You might have to specify a different url (-u) to access wherever the server is running. The report of Perf Analyzer will only include statistics measured at the client-side.

NOTE: The support is still in beta. Perf Analyzer does not guarantee optimal tuning for TorchServe. However, a single benchmarking tool that can be used to stress the inference servers in an identical manner is important for performance analysis.

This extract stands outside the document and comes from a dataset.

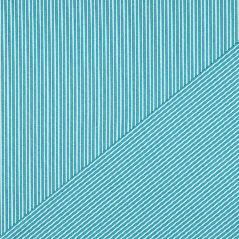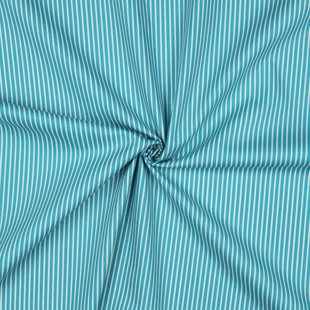 Un délicat jeu de rayures en bleu pétrole clair : Ce tissu séduit par ses fines rayures régulières qui lui confèrent une note moderne tout en restant intemporellement élégant. Les lignes discrètes apportent fraîcheur et légèreté et se marient parfaitement avec des tissus unis et d'autres motifs.

Advantages of using Perf Analyzer over third-party benchmark suites#

Triton Inference Server offers the entire serving solution which includes client libraries that are optimized for Triton. Using third-party benchmark suites like jmeter fails to take advantage of the optimized libraries. Some of these optimizations includes but are not limited to:

  1. Using binary tensor data extension with HTTP requests.

  2. Effective re-use of gRPC message allocation in subsequent requests.

  3. Avoiding extra memory copy via libcurl interface.

These optimizations can have a tremendous impact on overall performance. Using Perf Analyzer for benchmarking directly allows a user to access these optimizations in their study.

Not only that, Perf Analyzer is also very customizable and supports many Triton features as described in this document. This, along with a detailed report, allows a user to identify performance bottlenecks and experiment with different features before deciding upon what works best for them.